__The input__:
━━━━━━

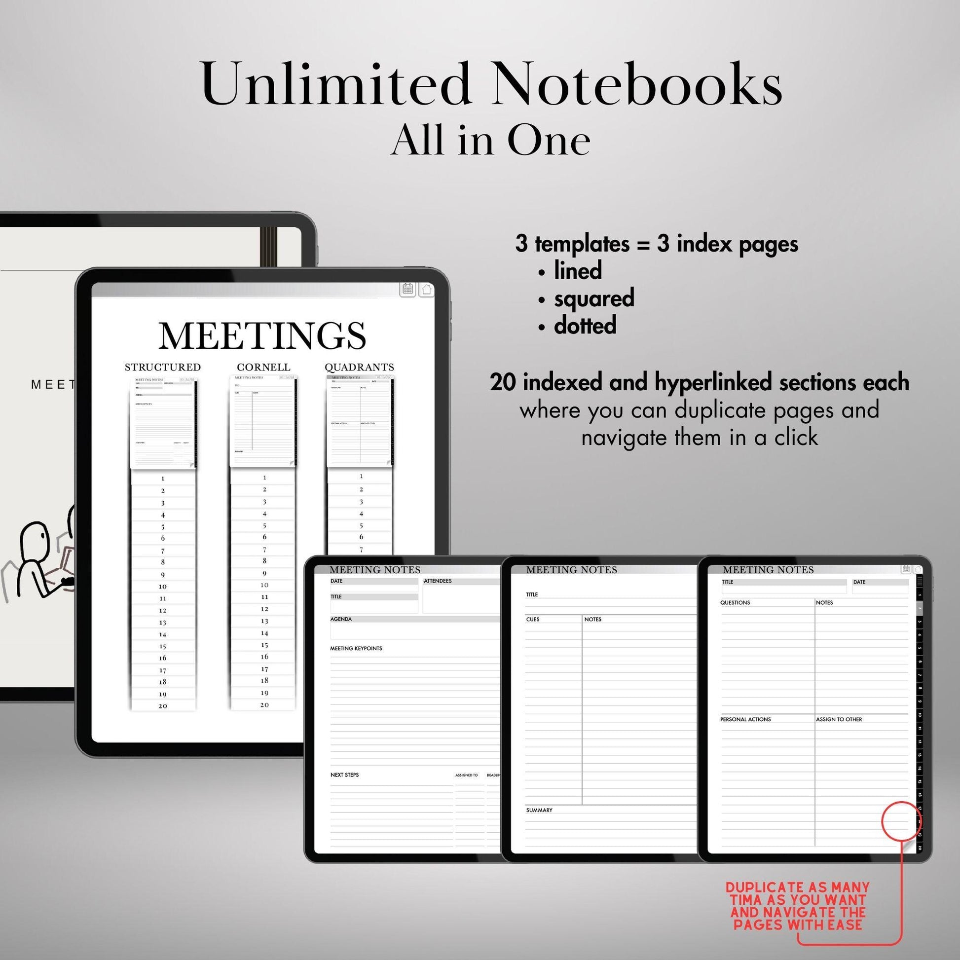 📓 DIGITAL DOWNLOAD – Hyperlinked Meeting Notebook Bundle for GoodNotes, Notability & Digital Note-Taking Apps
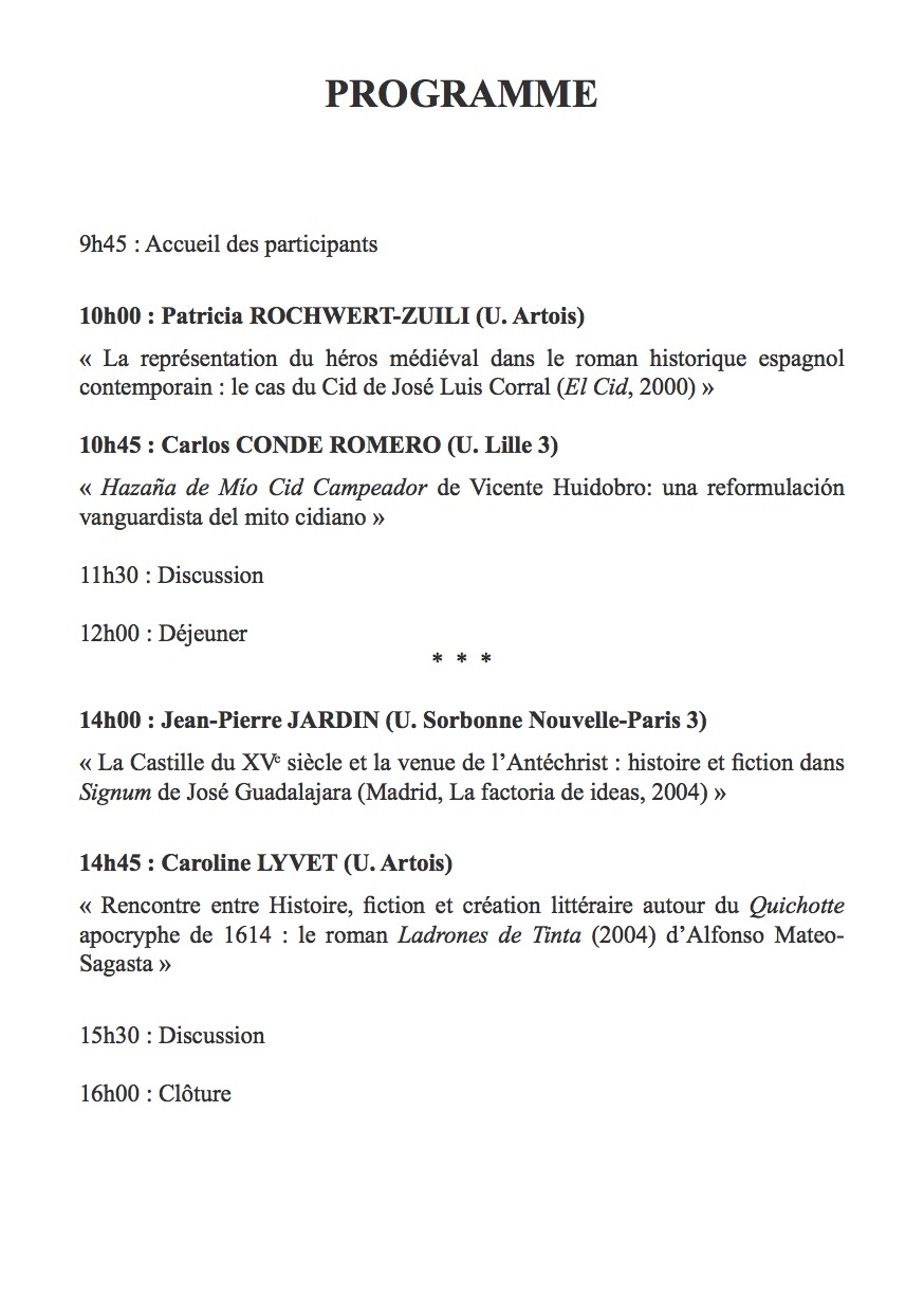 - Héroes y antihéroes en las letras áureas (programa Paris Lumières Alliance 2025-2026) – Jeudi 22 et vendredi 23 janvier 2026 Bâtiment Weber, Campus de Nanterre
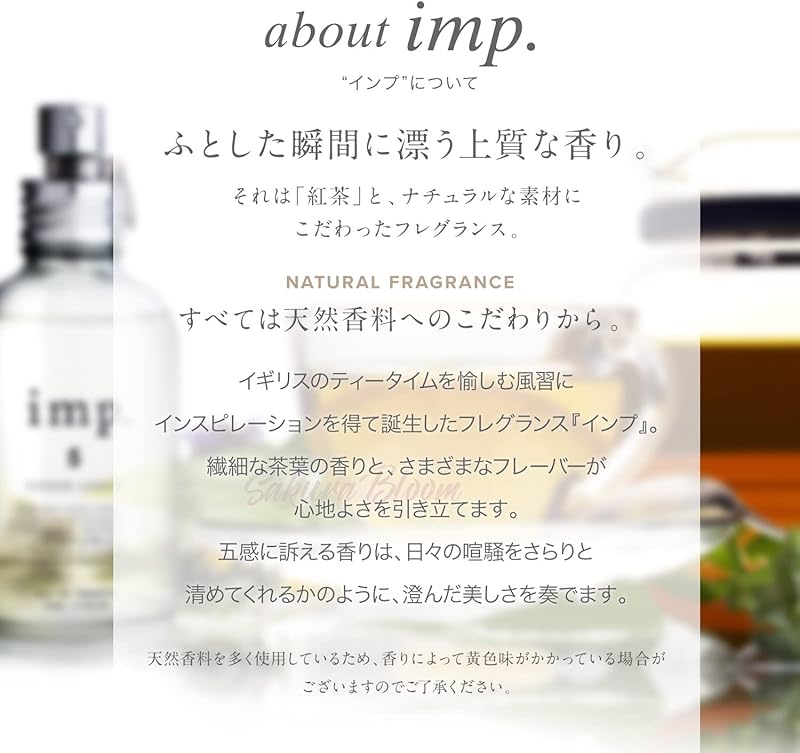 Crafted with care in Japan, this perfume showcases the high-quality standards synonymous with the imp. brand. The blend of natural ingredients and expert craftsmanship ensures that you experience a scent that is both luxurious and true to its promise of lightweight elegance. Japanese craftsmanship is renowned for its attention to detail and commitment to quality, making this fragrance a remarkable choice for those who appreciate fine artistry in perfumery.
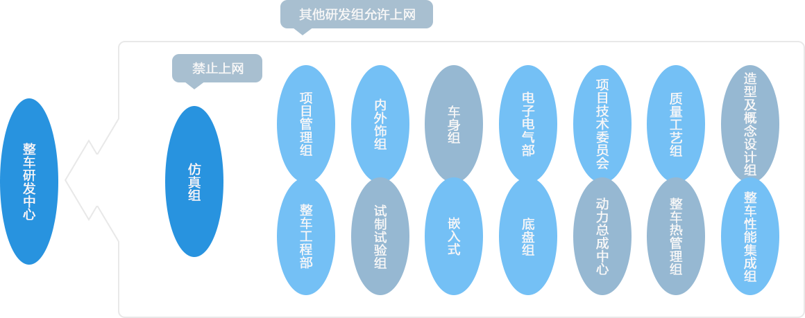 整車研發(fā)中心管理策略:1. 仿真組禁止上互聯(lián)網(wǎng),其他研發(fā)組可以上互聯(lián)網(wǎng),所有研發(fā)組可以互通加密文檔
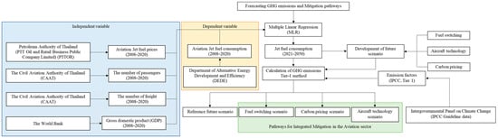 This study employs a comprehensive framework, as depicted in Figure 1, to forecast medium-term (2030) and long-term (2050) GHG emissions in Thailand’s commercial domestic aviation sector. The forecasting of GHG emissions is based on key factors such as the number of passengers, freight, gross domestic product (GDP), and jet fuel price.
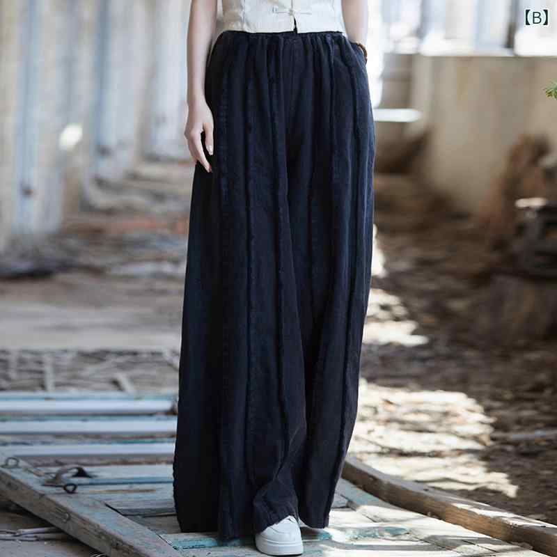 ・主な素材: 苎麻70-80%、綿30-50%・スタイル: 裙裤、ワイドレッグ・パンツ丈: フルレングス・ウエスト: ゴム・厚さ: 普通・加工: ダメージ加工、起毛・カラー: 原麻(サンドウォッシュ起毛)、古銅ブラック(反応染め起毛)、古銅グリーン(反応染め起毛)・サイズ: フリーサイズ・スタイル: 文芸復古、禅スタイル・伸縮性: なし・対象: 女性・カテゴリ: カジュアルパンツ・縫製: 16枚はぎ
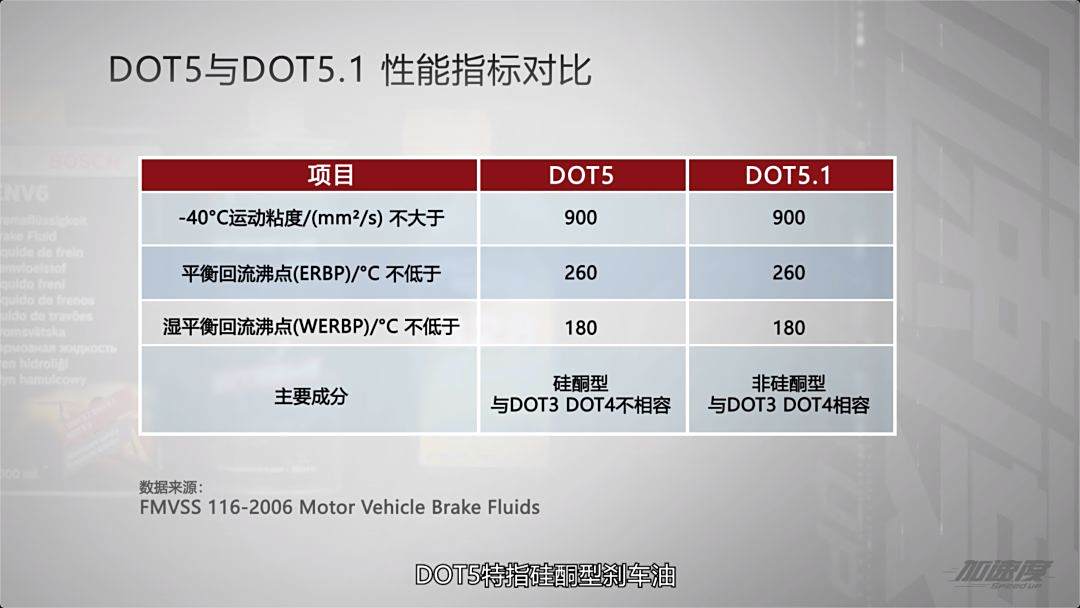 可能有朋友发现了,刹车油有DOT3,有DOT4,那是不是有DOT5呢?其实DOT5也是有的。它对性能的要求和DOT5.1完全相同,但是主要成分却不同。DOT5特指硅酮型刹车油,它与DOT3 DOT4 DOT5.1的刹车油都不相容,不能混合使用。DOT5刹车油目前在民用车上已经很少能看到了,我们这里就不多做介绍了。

━━━━━━

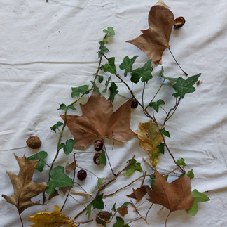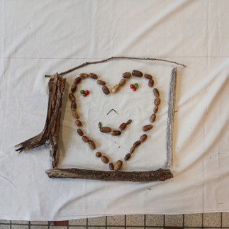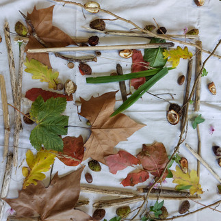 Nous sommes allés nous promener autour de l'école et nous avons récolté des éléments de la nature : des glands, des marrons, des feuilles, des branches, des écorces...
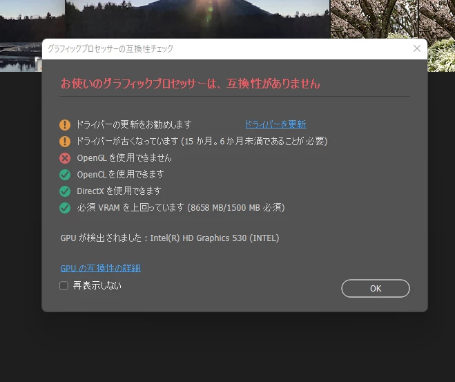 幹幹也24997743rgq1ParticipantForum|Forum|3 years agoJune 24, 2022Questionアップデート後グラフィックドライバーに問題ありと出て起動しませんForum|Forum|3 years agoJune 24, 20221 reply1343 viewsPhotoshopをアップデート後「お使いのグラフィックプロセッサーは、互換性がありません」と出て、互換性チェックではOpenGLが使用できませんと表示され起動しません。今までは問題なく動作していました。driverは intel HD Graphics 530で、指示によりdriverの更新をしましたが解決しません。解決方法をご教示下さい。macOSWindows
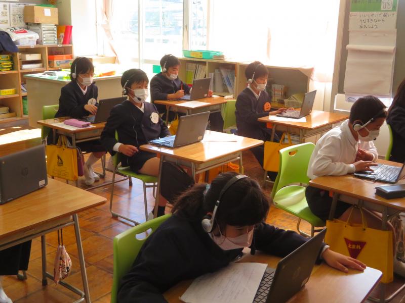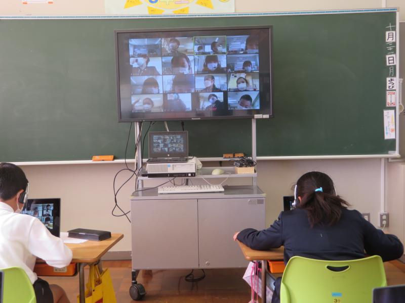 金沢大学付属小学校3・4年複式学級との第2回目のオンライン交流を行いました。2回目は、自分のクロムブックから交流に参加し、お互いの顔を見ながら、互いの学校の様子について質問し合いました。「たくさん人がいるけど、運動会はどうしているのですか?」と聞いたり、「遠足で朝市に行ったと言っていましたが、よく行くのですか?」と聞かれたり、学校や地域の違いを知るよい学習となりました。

━━━━━━

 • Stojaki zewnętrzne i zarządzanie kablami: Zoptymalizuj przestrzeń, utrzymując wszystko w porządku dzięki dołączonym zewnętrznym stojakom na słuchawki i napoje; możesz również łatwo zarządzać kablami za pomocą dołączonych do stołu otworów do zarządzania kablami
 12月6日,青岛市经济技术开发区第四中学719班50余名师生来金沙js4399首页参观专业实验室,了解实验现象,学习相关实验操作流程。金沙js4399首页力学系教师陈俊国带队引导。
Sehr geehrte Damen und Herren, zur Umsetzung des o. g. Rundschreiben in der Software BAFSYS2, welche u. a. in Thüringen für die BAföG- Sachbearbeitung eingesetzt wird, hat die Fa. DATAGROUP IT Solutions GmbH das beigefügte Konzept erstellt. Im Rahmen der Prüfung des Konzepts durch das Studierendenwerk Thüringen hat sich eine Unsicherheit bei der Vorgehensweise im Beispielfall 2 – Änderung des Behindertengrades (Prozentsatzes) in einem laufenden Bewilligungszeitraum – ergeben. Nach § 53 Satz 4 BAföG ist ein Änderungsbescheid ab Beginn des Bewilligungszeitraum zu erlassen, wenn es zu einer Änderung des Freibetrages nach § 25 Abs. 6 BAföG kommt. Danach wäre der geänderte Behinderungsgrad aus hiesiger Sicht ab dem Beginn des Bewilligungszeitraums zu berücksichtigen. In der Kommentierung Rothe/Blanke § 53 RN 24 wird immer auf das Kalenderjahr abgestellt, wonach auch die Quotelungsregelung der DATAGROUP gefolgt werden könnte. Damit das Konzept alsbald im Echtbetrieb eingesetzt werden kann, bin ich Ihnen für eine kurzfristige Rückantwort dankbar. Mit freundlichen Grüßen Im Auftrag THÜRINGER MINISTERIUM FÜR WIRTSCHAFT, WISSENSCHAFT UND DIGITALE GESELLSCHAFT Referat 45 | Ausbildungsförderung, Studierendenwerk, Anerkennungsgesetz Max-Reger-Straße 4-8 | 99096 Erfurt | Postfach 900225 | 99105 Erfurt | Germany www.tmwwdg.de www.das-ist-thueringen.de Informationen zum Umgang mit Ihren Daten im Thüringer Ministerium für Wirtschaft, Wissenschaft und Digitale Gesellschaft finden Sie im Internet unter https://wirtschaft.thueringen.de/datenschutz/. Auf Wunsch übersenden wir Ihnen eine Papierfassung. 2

━━━━━━

__Prompt__: Nothing but the lines above from the line with "Digital Note-Taking Apps" up to and including the line with "- Héroes y antihéroes" should be returned, exactly as written and without pictures.

__Written solution__:
 📓 DIGITAL DOWNLOAD – Hyperlinked Meeting Notebook Bundle for GoodNotes, Notability & Digital Note-Taking Apps
 - Héroes y antihéroes en las letras áureas (programa Paris Lumières Alliance 2025-2026) – Jeudi 22 et vendredi 23 janvier 2026 Bâtiment Weber, Campus de Nanterre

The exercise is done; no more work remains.